The embeddings from group 1-D convolutions layer can be viewed as “sentence” describing the genetic variations. Inspired by TextCNN [8], we design a variant of the standard convolutions layer. Different from images where the spatial coordinates are isotropic, in the embeddings of group SNPs, the convolution kernels are supposed to take complete block information into consideration. Thus we define the receptive field on entire neighboring block. Formally, we define the 2-D convolution kernel \(f^c\in \mathbb {R}^{d_h\times d_p \times k_c}\), here the \(k_c\) is the number of channels, \(d_h\times d_p\) is the kernel size, and \(d_h\) is the size of the concatenated embeddings defined above. Max-pooling \(P(\cdot )\) is utilized after the convolution operations. We use \(h_{i}\) to denote the output of the sparse group layer and \(h_{i}^{2d}\) to denote the output of the 2-D sliding convolutional layer,
the input to the 2-D convolution layer is not padded, thus and the dimension of output of one channel after the convolution operation is \(c+2-k_c\). \(P(\cdot )\) is max-pooling operation along each channel as in group 1-D convolution layer, and the output of 2-D convolution layer \(h_{i}^{2d}\in \mathbb {R}^{k_c}\), which is a vector ready for multi-layer perceptron. We adopt a standard MLP and mean squared error objective for regression.

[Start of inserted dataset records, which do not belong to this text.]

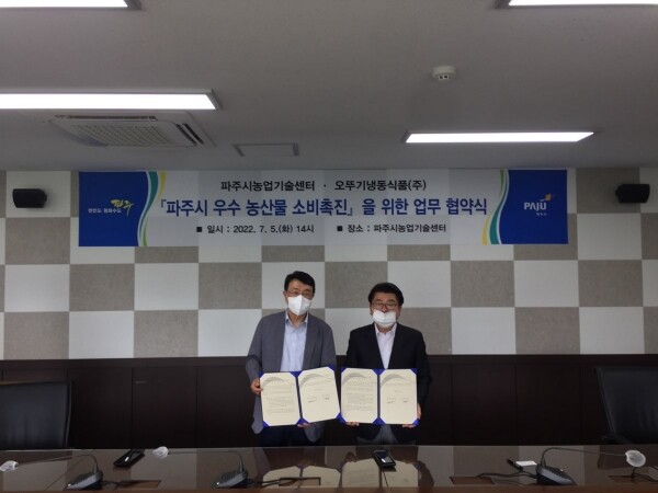 이날 협약에서 파주시는 보조사업을 통해 관내 농가가 우수 농산물을 생산할 수 있도록 하며 우수 농산물에 대한 정보를 제공하고 오뚜기냉동식품에서는 파주 농산물을 활용한 제품을 개발하고 안정적인 판로를 확보할 수 있도록 협력하기로 했다.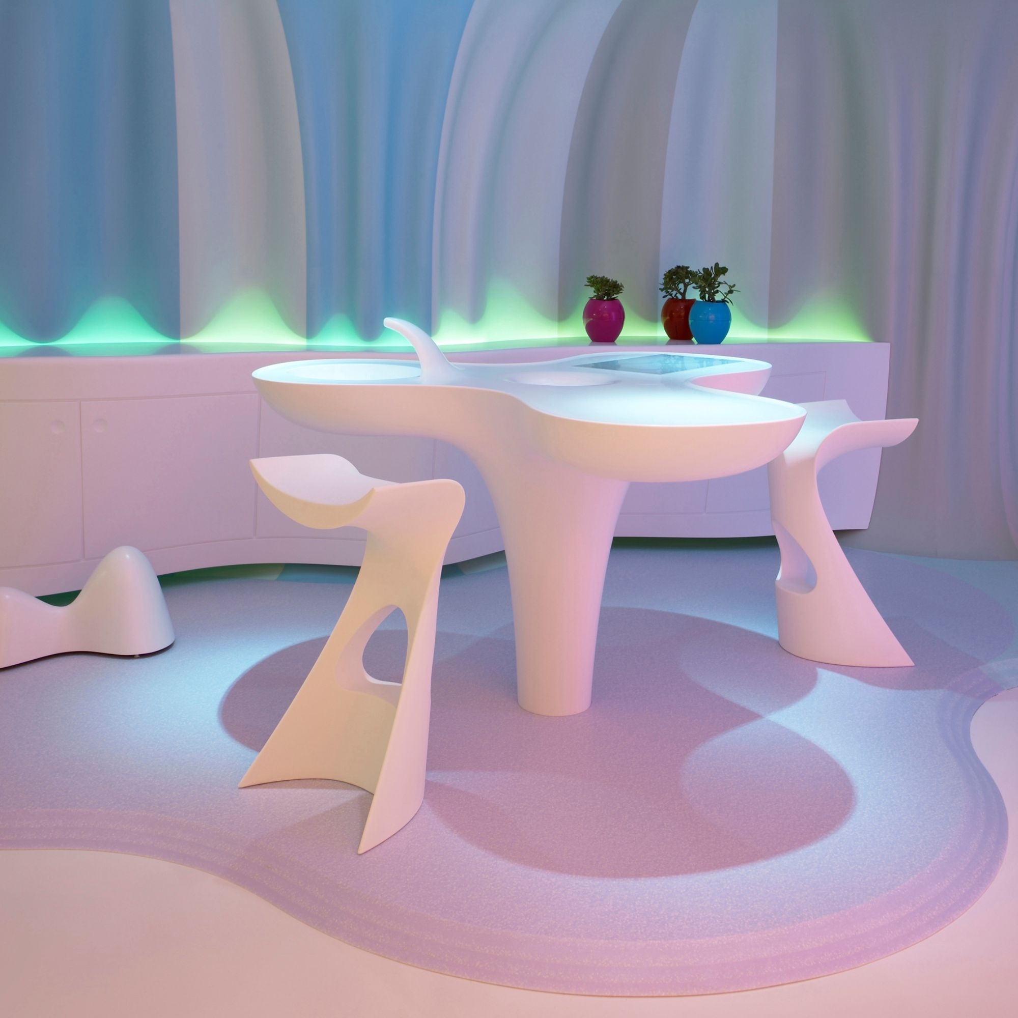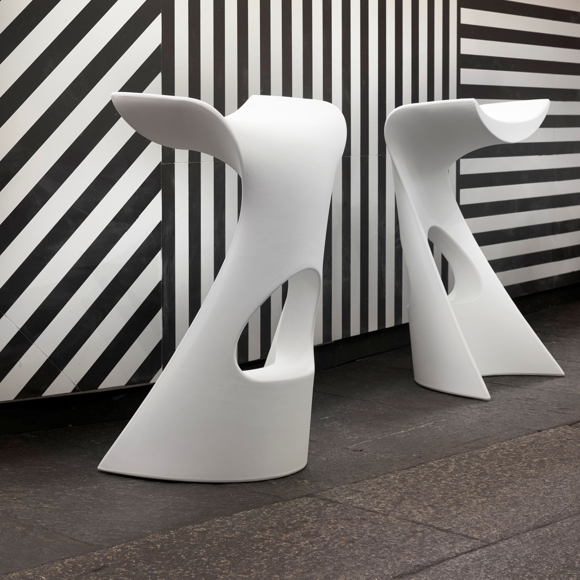 The Koncord high stool is a beautiful piece of furniture designed by Slide, entirely made of polyethylene, a material valued for its durability, longevity, and versatility. This high stool has a curvilinear shape that enhances the silhouette of the Jet table. It has been designed to optimally and uniquely occupy spaces, with its versatile and geometric structure: depending on the user's needs, it can serve as a comfortable seat or a precious piece of furniture. Thanks to its minimalist and essential design, the stool can harmoniously match any type of setting, both indoor and outdoor: from a wide modern terrace to a classic living room, from a garden with a pool to a dining room, adding luxury and class to any space. Its functionality, the comfort of the seat improved by the footrest hole at the base, and the avant-garde design typical of the volcanic designer Karim Rashid have made Koncord one of the flagship products of the entire Slide collection: this product represents a furnishing solution with a great visual impact and practicality, capable of transforming every corner, both inside and outside, into an oasis of style and comfort. Design by Karim Rashid for Slide.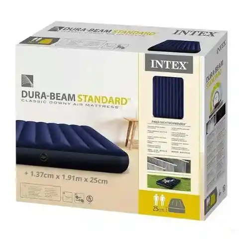 🛏️ Colchón Inflable Doble Intex Dura-Beam – Modelo Classic Downy Standard (1.37 m x 1.91 m x 25 cm) Comodidad, resistencia y practicidad en un solo colchón. El Intex Dura-Beam Classic Downy Standard es perfecto para visitas en casa, acampar o tener una cama extra lista en minutos. ✔ Tecnología Dura-Beam: estructura interna con fibras de alta resistencia que no se deforman. ✔ Tamaño doble: 1.37 m x 1.91 m x 25 cm, ideal para 2 personas. ✔ Superficie flocada tipo terciopelo: suave, cómoda y antideslizante. ✔ Material resistente: soporta uso frecuente y brinda mayor estabilidad. ✔ Válvula 2-en-1: inflado y desinflado rápido con bomba manual o eléctrica (no incluida). ✔ Compacto y fácil de guardar: perfecto para viajes o almacenamiento.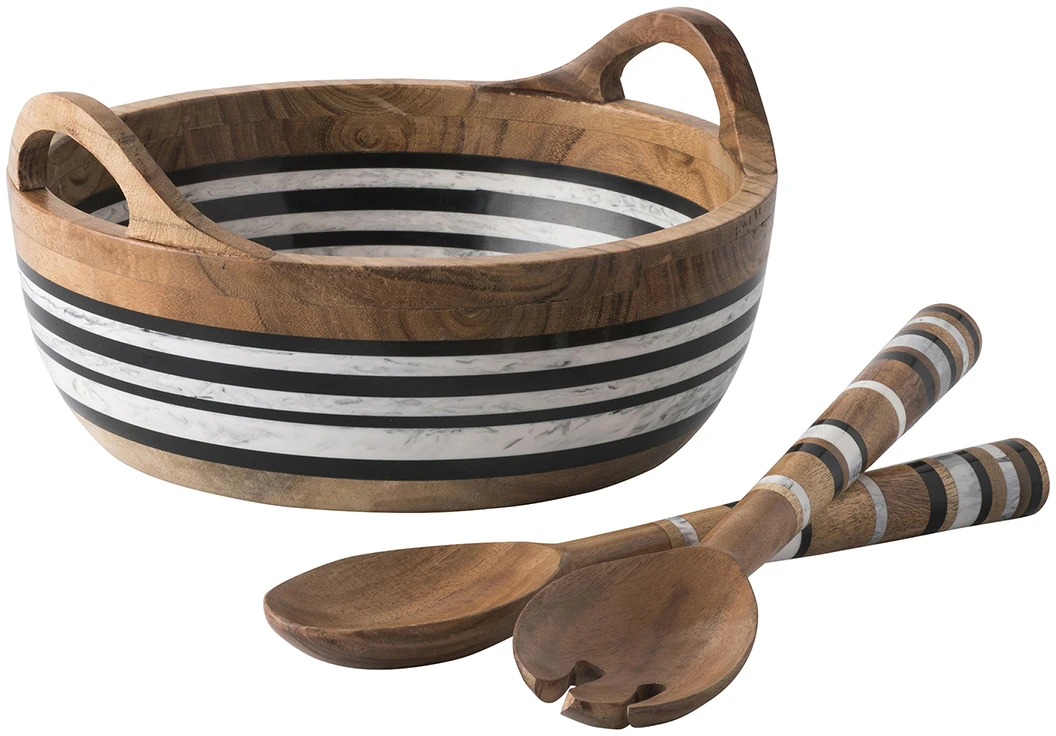 These serving utensils are shaped by hand of acacia wood with hand-marbled resin stripes that add eye-catching contrast.
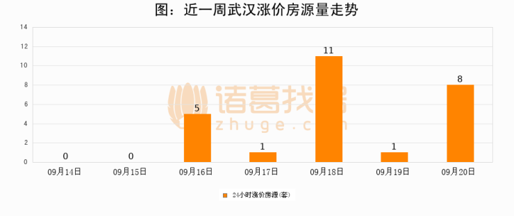 根据诸葛找房数据显示,武汉24小时涨价房源量为8套,较09月19日增加7套,环比上涨700%。与此同时,涨价房源占比小幅扩大,业主信心有所提升。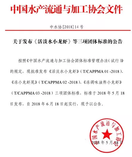 5月18日,經(jīng)中國水產(chǎn)流通與加工協(xié)會批準(zhǔn),由中國小龍蝦協(xié)會及協(xié)會成員單位共同起草、編制的《活淡水小龍蝦》(T/CAPPMA 01 -2018)、《凍小龍蝦尾》(T/CAPPMA 02 -2018)、《凍調(diào)味油炸小龍蝦》(T/CAPPMA 03 -2018)三項團(tuán)體標(biāo)準(zhǔn)正式發(fā)布。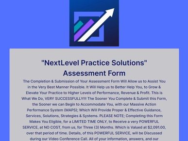 Once You complete our Practice Assessment Form, we can then appropriately, accurately, and effectively suggest the most potent system of tools, strategies, and services to remedy your pain points and achieve your Next Level goals, with Tremendous Success.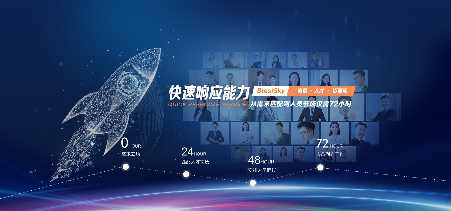 Talent outsourcing service? 多重嚴(yán)格把關(guān),從技術(shù)能力、溝通能力、學(xué)習(xí)能力、適應(yīng)能力,人員背景等多個方面進(jìn)行了嚴(yán)格篩選,使我們提供的人才更加貼合客戶需求; ? 招聘團(tuán)隊(duì)100人以上,24小時推薦簡歷,36小時內(nèi)復(fù)試,72小時入職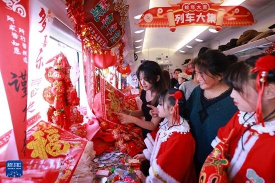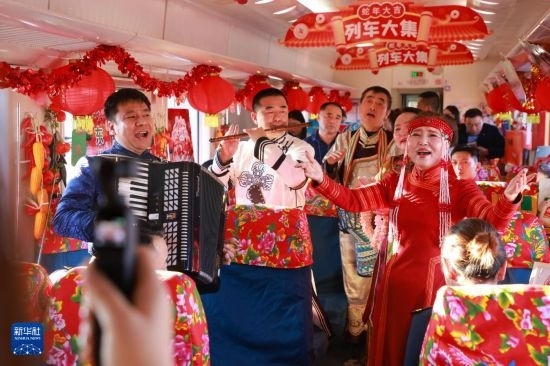 當(dāng)日,黑龍江開啟2025年首個“列車大集”,在齊齊哈爾開往滿洲里的4187次列車上,乘客購年貨、品民俗、觀看非遺表演,在歸家的旅途中感受濃濃的年味。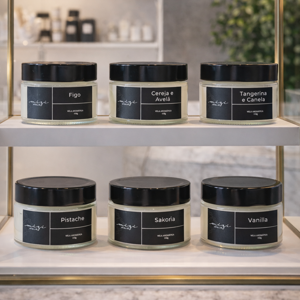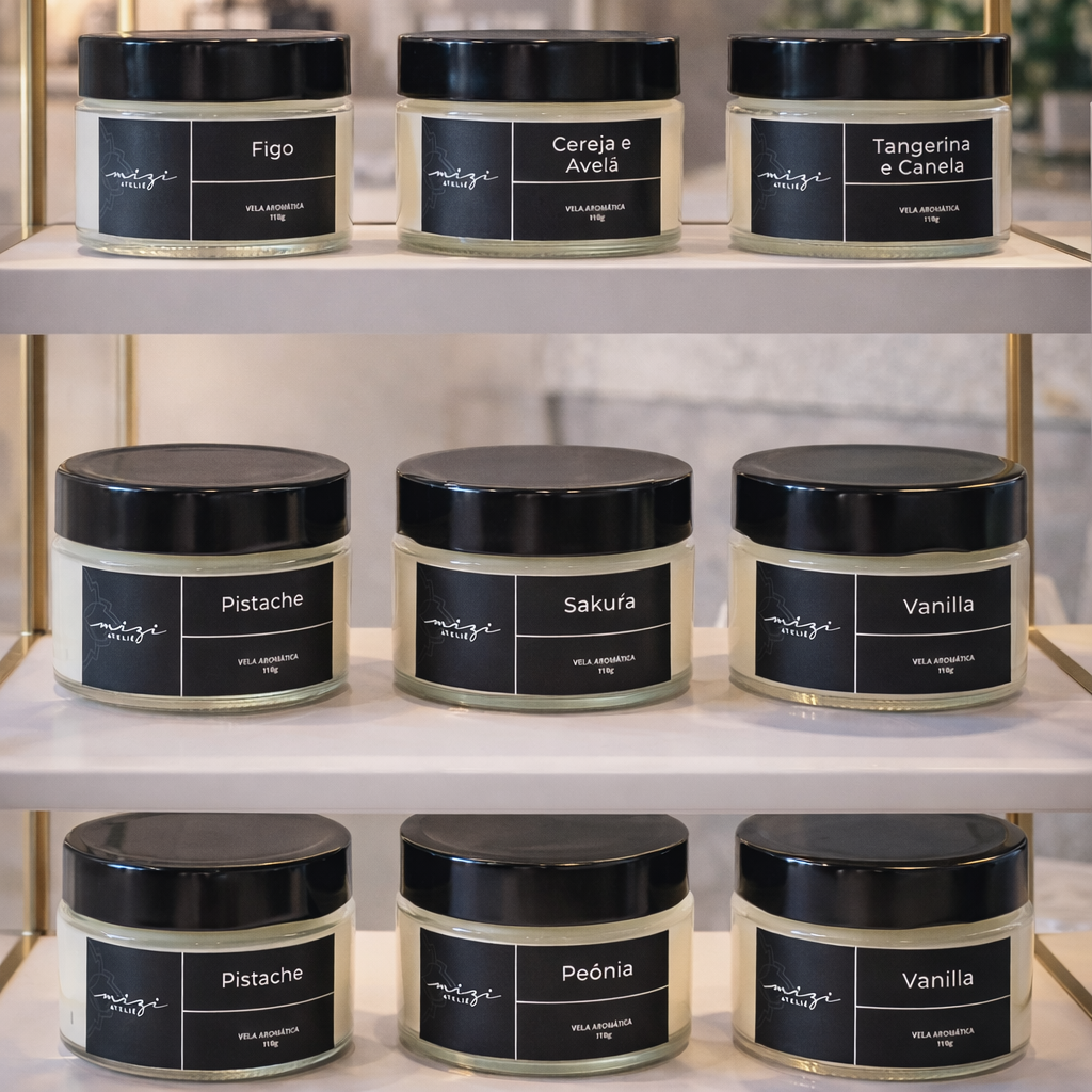 Encontre esta vela excepcional na Loja Mizi Ateliê e descubra como a combinação de elegância e fragrância pode enriquecer sua vida diária.

The proposed 1-D group layer can also be interpreted as a method with pre-defined sparsity, as that the response of a local convolution can be obtained by padding zeros on group features to full size, and discarding the zero responses of padded areas after the convolution operation. Compared to classical methods such as LASSO and group LASSO, the proposed method avoids some drawbacks. In standard LASSO method, frequently only one feature is selected arbitrarily from a set of highly correlated SNPs, particularly those grouped by LD blocks, potentially misleading the identification of important SNPs. Via the proposed group convolution, the contributions of LD blocks are properly assigned to each SNPs involved. On the other, group LASSO method applies group selections, which potentially overlooks the cross-group contributions of SNPs. This phenomenon can be alleviated by the global convolution operations.
Though the coincidence of the terminology, the proposed method is fundamentally different from previous methods exploiting the idea of processing channels of convolutional layers by groups, such as ShuffleNet [22] or ResNeXt [20]. Previous methods typically define their kernels on the entire inputs, and group the middle layer embeddings to improve computational efficiency. These networks are designed to handle large-scale problems, and the convolution kernels are still global. However in the proposed group 1-D convolutional layer, the groups are a pre-defined biological structures on SNPs, thus only proper parts of the features are visible for corresponding local convolutions operations. To sum up, the “group” in the proposed method is used under a different meaning with previous methods.
3 Experiments
3.1 Data Description
The experiments are conducted on the data obtained from the Alzheimer’s Disease Neuroimaging Initiative(ADNI) database (adni.loni.usc.edu). In our experiment the genotype data [11] included all non-Hispanic Caucasian participants from the ADNI Phase 1 cohort which were genotyped using the Human 610-Quad BeadChip. Pre-processing on the SNP data include the standard quality control (QC) and imputation. The QC criteria are composed of (1) call rate check per subject and per SNP marker, (2) gender check, (3) sibling pair identification, (4) the Hardy-Weinberg equilibrium test, (5) marker removal by the minor allele frequency and (6) population stratification. The QC’ed SNPs were then imputed using the MaCH software [9] to estimate the missing genotypes. Among all, we selected only SNPs within the boundary of \(\pm 20K\) base pairs of the 153 AD candidate genes, listed on the AlzGene database (www.alzgene.org) as of 4/18/2011 [3]. As a result, our analyses included 3,576 SNPs extracted from 153 genes (boundary: \(\pm 20K\)) using the ANNOVAR annotation (http://www.openbioinformatics.org/annovar/). The groups of SNPs are defined using the linkage disequilibrium (LD) blocks, and a total of 800 blocks are marked. 2098 SNPs are selected with sufficient group information.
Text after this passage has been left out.